• TASK DETAILS: Below, locate the line that contains "Hemoton UNOMOR PVC". Repeat exactly from that line to the line that contains "Crew neck, sleeveless", inclusive, leaving out the pictures.

• DATA EXTRACT:

Start of Block

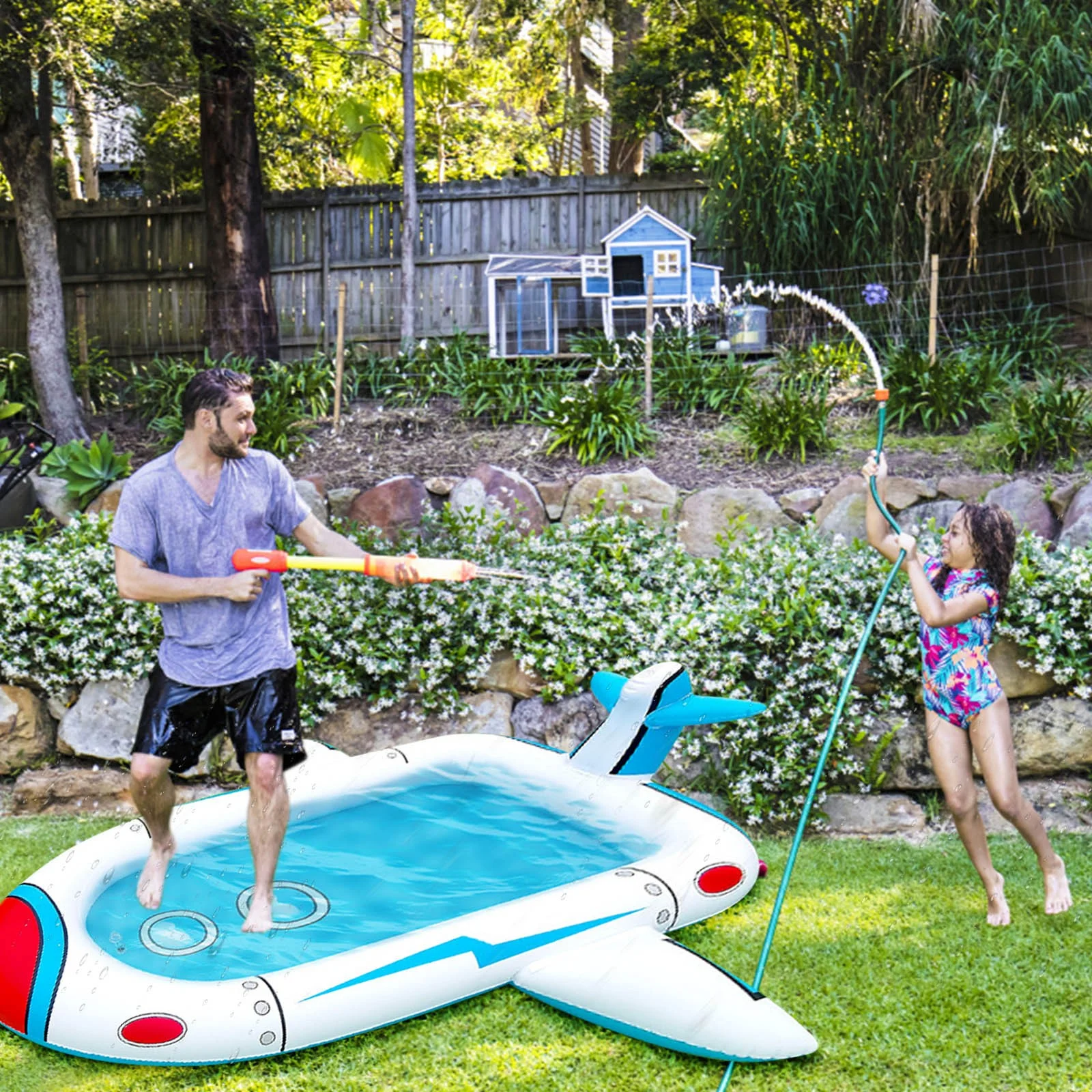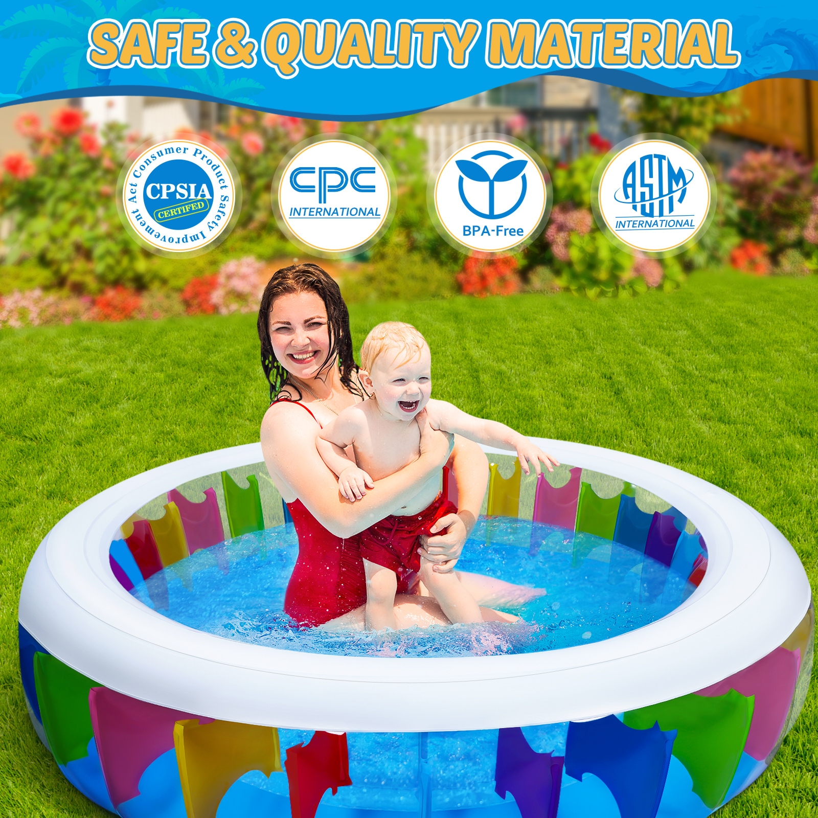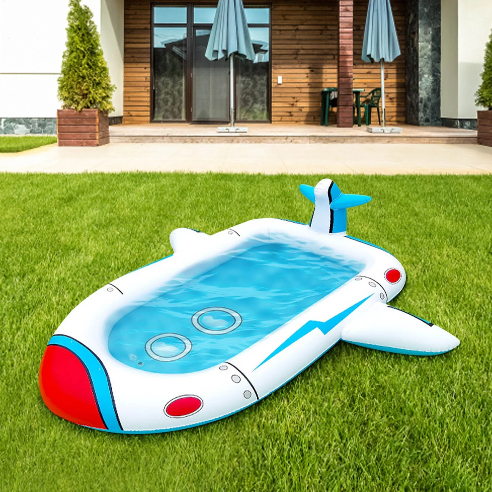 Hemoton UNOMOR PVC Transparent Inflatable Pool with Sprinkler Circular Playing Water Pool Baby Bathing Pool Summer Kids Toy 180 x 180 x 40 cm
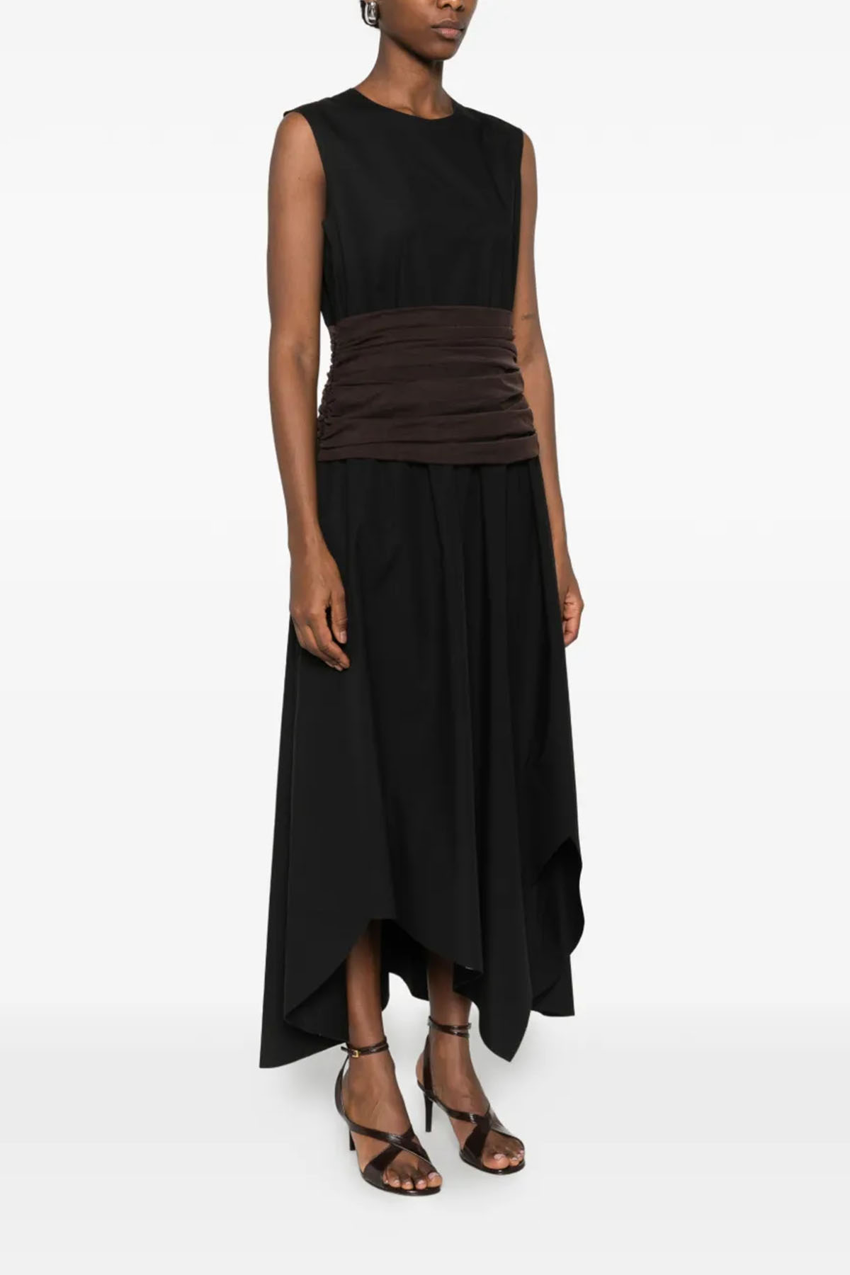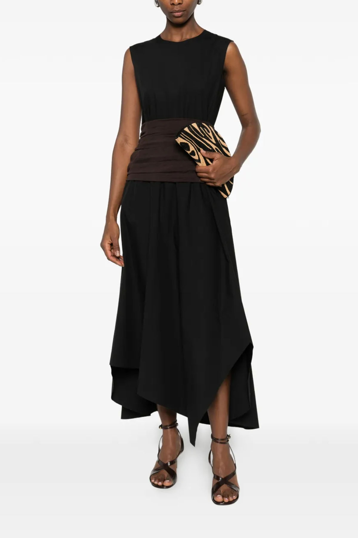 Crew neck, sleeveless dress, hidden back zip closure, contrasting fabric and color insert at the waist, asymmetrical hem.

End of Block
Start of Block

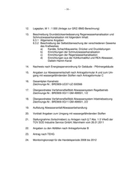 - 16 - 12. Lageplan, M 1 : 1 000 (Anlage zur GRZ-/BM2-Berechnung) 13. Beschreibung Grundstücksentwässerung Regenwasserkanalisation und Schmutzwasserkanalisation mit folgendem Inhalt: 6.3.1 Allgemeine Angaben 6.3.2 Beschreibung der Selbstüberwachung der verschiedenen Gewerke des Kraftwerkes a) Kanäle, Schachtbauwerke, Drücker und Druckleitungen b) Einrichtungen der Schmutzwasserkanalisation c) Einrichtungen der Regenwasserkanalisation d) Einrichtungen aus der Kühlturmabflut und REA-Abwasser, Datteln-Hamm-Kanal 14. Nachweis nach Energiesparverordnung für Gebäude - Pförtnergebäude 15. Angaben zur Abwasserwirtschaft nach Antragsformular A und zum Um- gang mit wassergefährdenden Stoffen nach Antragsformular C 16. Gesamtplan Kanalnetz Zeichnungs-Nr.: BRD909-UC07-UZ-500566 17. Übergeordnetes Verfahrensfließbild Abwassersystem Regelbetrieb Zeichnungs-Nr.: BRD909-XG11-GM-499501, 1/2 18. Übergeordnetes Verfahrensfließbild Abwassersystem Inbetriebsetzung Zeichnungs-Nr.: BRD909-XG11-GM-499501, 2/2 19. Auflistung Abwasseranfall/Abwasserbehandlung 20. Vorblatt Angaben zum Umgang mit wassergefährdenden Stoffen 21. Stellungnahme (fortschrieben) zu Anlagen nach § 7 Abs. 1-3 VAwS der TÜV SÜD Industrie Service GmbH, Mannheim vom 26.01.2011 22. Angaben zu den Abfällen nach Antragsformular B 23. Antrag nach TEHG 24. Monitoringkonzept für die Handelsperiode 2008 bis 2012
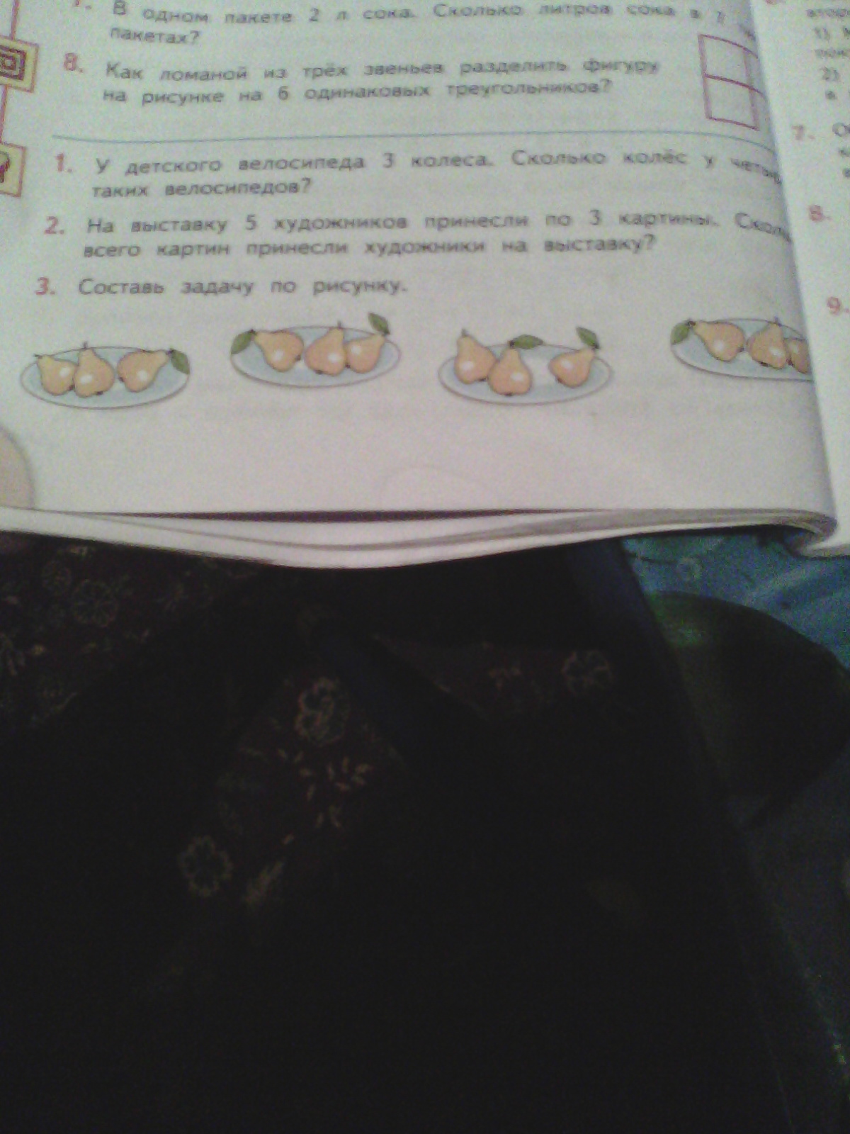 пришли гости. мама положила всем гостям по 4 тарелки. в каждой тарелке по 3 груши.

End of Block

• TASK OUTPUT:
 Hemoton UNOMOR PVC Transparent Inflatable Pool with Sprinkler Circular Playing Water Pool Baby Bathing Pool Summer Kids Toy 180 x 180 x 40 cm
 Crew neck, sleeveless dress, hidden back zip closure, contrasting fabric and color insert at the waist, asymmetrical hem.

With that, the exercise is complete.